## Entries supplied
- Opening Delimiter -

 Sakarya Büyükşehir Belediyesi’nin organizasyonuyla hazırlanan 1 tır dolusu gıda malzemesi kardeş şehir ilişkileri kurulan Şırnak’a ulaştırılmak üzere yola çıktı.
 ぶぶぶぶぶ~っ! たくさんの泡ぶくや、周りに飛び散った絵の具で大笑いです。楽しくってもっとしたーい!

- Closing Delimiter -
- Opening Delimiter -

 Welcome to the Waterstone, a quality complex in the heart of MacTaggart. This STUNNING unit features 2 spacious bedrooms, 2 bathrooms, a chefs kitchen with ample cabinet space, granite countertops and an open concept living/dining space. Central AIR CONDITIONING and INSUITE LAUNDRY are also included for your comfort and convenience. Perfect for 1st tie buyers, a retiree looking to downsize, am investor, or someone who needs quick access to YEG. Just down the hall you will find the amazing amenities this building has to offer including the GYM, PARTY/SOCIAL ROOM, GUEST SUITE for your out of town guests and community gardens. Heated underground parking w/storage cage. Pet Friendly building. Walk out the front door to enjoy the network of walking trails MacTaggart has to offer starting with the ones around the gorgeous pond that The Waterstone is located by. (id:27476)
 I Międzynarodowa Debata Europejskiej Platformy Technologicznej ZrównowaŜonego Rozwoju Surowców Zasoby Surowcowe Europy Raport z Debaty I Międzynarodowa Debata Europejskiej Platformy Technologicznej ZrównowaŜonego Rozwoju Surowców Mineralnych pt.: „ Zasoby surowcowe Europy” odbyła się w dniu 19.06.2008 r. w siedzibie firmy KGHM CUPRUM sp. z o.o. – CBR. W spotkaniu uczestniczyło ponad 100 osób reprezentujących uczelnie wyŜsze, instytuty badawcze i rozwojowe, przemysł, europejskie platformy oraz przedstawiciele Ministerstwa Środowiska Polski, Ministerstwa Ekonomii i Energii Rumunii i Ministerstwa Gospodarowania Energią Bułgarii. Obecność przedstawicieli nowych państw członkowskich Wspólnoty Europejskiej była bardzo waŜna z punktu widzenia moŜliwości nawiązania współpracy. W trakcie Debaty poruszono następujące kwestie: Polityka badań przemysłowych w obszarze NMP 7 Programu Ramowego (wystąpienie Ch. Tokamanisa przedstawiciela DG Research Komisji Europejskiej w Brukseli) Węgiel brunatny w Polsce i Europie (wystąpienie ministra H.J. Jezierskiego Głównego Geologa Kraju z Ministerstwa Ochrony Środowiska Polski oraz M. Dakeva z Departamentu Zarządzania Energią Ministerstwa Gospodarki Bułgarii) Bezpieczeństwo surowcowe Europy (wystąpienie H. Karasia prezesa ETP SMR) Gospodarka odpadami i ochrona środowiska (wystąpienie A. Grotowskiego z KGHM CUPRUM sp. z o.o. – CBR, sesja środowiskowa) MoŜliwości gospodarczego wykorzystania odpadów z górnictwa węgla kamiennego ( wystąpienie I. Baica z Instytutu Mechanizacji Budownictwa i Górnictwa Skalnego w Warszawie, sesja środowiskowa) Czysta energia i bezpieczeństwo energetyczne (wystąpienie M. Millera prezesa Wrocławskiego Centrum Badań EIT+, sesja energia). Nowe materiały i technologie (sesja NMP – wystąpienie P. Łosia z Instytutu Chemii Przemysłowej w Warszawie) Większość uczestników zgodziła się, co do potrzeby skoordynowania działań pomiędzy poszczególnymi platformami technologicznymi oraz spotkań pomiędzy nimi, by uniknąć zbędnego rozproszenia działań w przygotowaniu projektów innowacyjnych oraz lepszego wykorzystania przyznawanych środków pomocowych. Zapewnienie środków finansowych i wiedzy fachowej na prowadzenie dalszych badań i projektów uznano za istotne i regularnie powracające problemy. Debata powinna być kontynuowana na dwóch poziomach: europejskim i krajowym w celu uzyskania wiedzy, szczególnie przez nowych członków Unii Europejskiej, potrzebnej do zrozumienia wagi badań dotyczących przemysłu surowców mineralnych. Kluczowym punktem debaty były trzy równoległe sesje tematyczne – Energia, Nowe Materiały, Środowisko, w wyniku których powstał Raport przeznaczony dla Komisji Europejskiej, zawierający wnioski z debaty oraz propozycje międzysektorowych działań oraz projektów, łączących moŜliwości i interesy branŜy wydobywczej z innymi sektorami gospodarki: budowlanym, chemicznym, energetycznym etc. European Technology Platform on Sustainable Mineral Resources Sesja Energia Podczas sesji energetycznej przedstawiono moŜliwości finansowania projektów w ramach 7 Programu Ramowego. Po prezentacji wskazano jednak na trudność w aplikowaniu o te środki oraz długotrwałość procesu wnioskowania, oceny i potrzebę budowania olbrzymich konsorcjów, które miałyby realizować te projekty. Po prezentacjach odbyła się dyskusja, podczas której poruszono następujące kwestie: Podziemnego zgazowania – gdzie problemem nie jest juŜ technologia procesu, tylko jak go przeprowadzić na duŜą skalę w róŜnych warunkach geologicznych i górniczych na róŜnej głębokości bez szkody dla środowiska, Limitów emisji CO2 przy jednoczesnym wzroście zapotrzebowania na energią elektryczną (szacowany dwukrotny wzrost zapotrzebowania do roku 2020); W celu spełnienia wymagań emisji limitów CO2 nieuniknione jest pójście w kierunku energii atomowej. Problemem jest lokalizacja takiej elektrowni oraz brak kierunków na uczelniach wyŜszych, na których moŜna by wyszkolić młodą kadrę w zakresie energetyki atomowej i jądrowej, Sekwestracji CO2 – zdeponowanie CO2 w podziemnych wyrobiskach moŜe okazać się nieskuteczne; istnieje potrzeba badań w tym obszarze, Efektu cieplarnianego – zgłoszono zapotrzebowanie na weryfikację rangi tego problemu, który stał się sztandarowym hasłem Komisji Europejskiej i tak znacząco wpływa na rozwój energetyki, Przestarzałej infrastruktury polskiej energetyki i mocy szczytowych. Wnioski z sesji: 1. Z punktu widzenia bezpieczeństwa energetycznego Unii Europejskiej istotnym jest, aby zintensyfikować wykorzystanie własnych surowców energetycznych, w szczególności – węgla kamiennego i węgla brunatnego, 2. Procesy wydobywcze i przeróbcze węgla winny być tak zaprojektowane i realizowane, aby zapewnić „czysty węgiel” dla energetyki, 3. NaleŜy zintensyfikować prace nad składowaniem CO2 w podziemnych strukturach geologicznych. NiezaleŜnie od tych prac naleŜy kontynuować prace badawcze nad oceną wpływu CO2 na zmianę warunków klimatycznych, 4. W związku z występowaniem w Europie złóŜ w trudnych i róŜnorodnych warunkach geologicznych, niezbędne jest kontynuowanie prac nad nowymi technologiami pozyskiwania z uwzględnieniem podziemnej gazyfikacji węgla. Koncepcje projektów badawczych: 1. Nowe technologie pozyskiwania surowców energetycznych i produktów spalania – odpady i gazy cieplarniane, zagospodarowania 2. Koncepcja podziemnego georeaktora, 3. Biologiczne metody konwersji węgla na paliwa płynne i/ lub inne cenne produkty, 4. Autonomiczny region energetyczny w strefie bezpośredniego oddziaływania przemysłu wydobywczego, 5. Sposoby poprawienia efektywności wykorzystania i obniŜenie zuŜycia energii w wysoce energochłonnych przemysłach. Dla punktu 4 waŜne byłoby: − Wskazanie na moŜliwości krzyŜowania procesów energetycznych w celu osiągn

- Closing Delimiter -

## What needs to be done
Would you print, exactly as written, every line above from the one holding "Sakarya Büyükşehir Belediyesi’nin" through the one holding "ぶぶぶぶぶ~っ! たくさんの", with both included and no other lines?

## Result for this task
 Sakarya Büyükşehir Belediyesi’nin organizasyonuyla hazırlanan 1 tır dolusu gıda malzemesi kardeş şehir ilişkileri kurulan Şırnak’a ulaştırılmak üzere yola çıktı.
 ぶぶぶぶぶ~っ! たくさんの泡ぶくや、周りに飛び散った絵の具で大笑いです。楽しくってもっとしたーい!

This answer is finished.